To Evaluate the Efficacy and Safety of Genalumab for Injection in the Treatment of Active Systemic Juvenile Idiopathic Arthritis.

Launched by CHANGCHUN GENESCIENCE PHARMACEUTICAL CO., LTD. · Jun 21, 2023

Keywords

ClinConnect Summary

This clinical trial is studying a medication called Genalumab to see how well it works and how safe it is for treating active systemic juvenile idiopathic arthritis (sJIA) in children and teenagers. sJIA is a type of arthritis that causes joint pain and fever in young people. The trial is currently looking for participants aged between 2 and 17 years who have been diagnosed with this condition and experience symptoms like arthritis and fevers.

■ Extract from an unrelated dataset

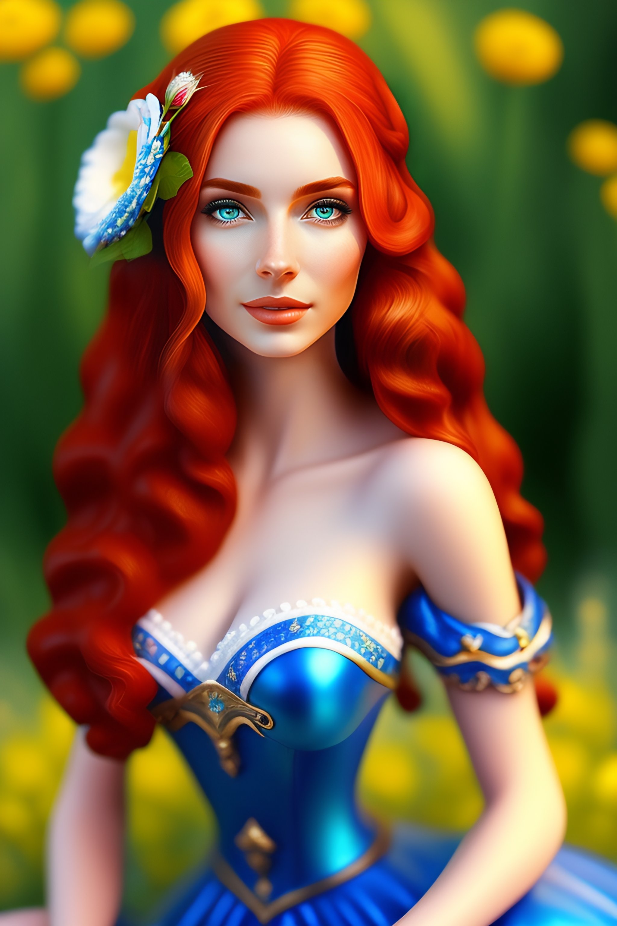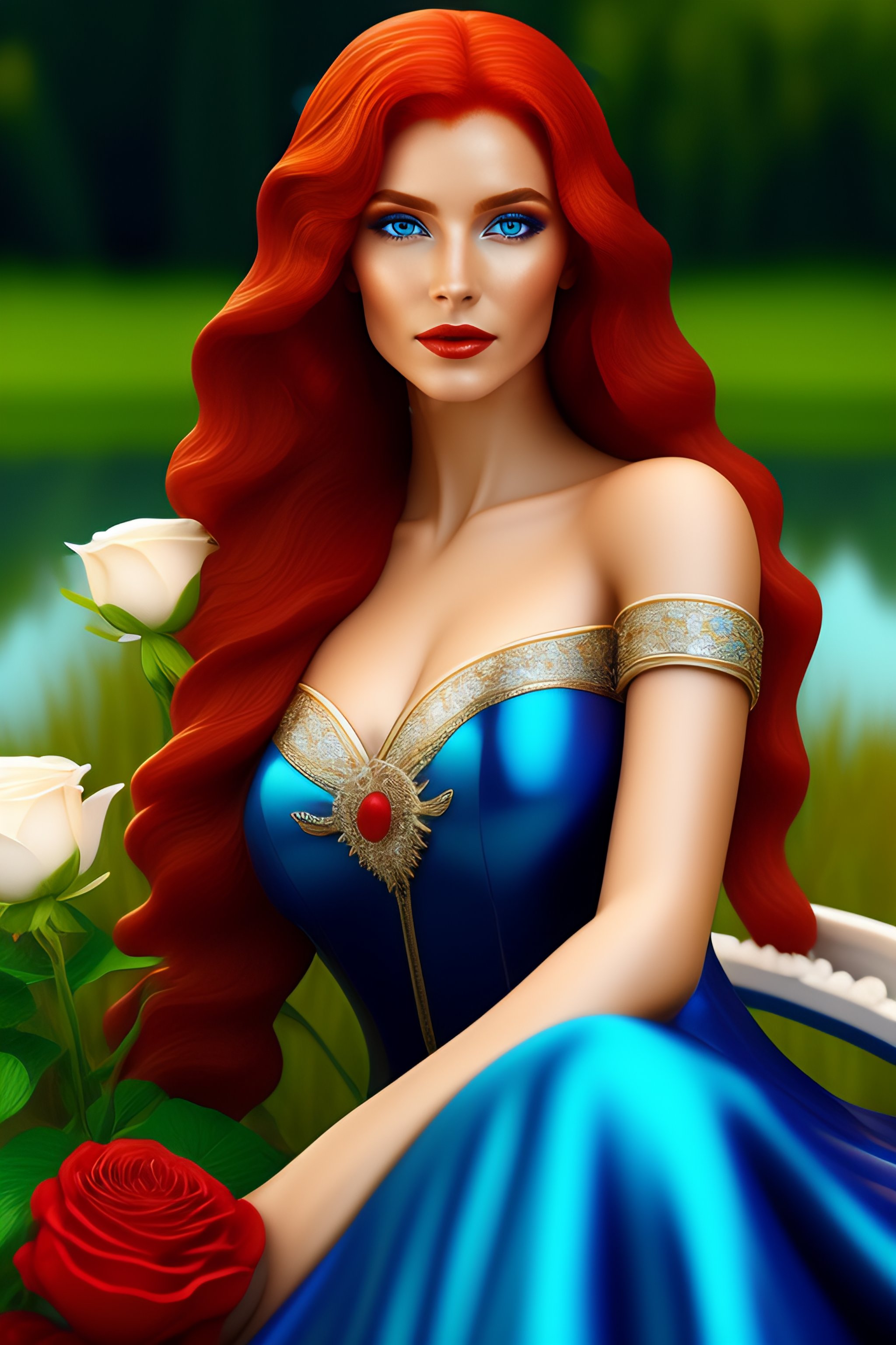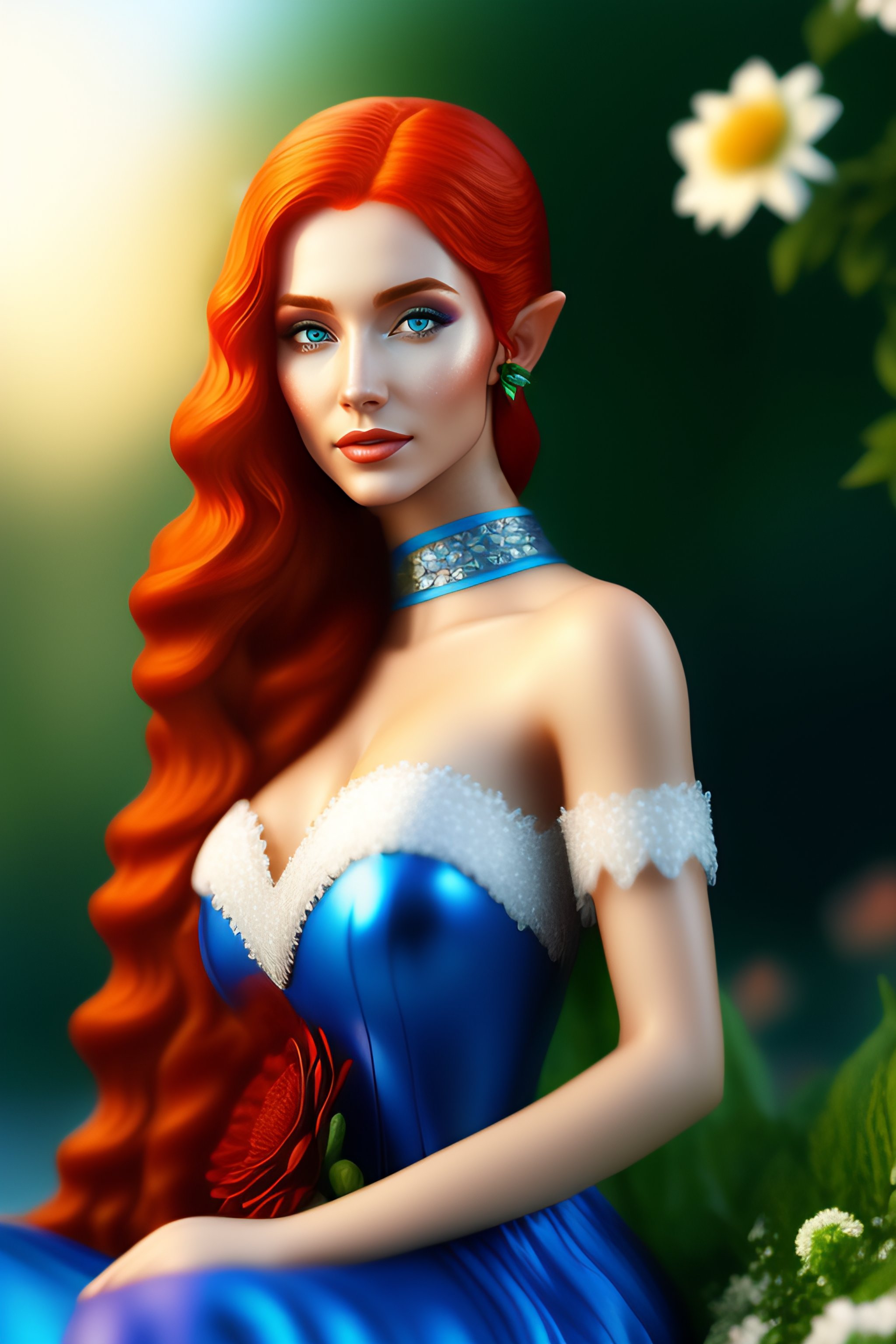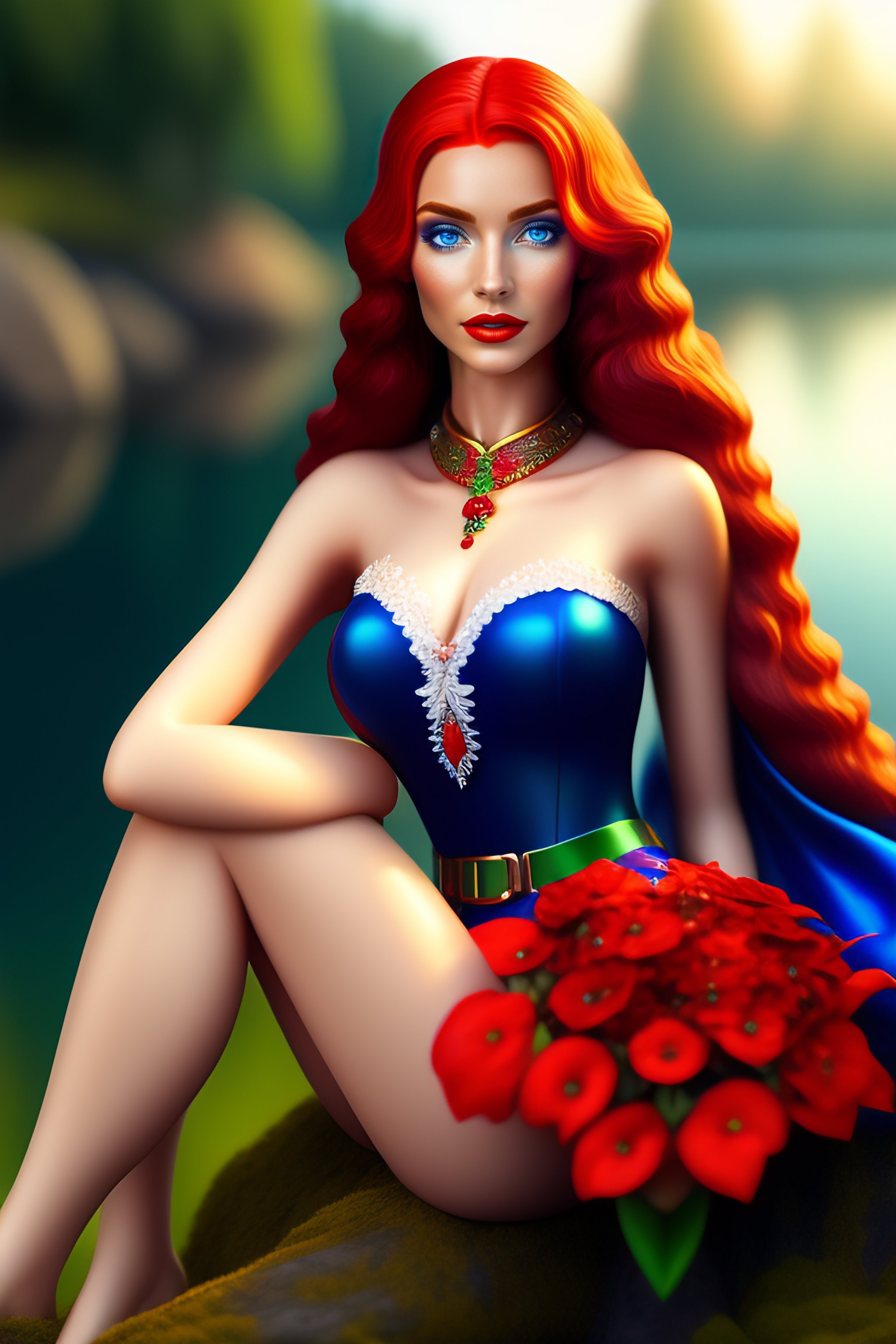 Elf woman in blue elf dress with red hair and white skin sitting by green lake, realistic, detailed, elf woman holding bouquet of flowers, detailed, realistic, 8k

To participate, children must meet certain criteria, such as having specific symptoms for at least two months and not having other serious health issues that could interfere with the study. Participants can expect to receive treatment with Genalumab and will be monitored by healthcare professionals throughout the study. It's important to note that pregnant or breastfeeding individuals cannot join the trial, and participants will need to agree to use effective birth control during and for six months after the study. This trial aims to provide valuable information about a new treatment option for young people suffering from sJIA.

Gender

ALL

Eligibility criteria

• Inclusion Criteria:
• • Male and female patients, with the remaining before age 2 years old or more and \& lt; 18 years old;
• • 2001 ILAR classification criteria for the diagnosis of confirmed sJIA 2 or more months: onset age must \& lt; At 16 years of age, symptoms included: ≥1 case of arthritis, accompanied by or prior to ≥2 weeks of recurrent fever, including remittenor fever for ≥3 consecutive days (maximum daily body temperature ≥39 ° C, body temperature falling below 37 ° C between 2 heat peaks), accompanied by at least one of the following symptoms: ① a transient, non-fixed erythematous rash; ② systemic lymph node enlargement; Swelling of the liver and/or spleen; ④ Serositis.
• • Agree to use effective means of contraception throughout the study period and for 6 months after the end of treatment.
• Exclusion Criteria:
• • Pregnant or lactating female subjects
• • A history of allergic reactions to investigational drugs or to molecules with similar structures; Those who cannot be given intramuscular injections；
• • History of pericarditis, myocarditis, serositis, bacterial heart valve or endocarditis within 6 months before screening; Patients who had been diagnosed with MAS within 6 months prior to screening, or had relevant symptoms and signs at screening, and were suspected of having MAS as assessed by the investigators；
• • There are other rheumatic diseases such as Kawasaki disease, polyarteritis nodosa and so on. History of autoinflammatory diseases such as familial Mediterranean fever, high IgD syndrome, NLRP3-related autoinflammatory diseases；
• • Patients with a history of interstitial lung disease, pulmonary fibrosis, alveolar proteinosis, or pulmonary hypertension; Patients with a history of repeated invasive fungal infection; In the 7 days prior to randomization, there were infections that required control with systemic antigenic microbiotics (including antibacterial, antiviral, antifungal, etc.)；
• • Subjects with a history of TB exposure or suspected TB symptoms.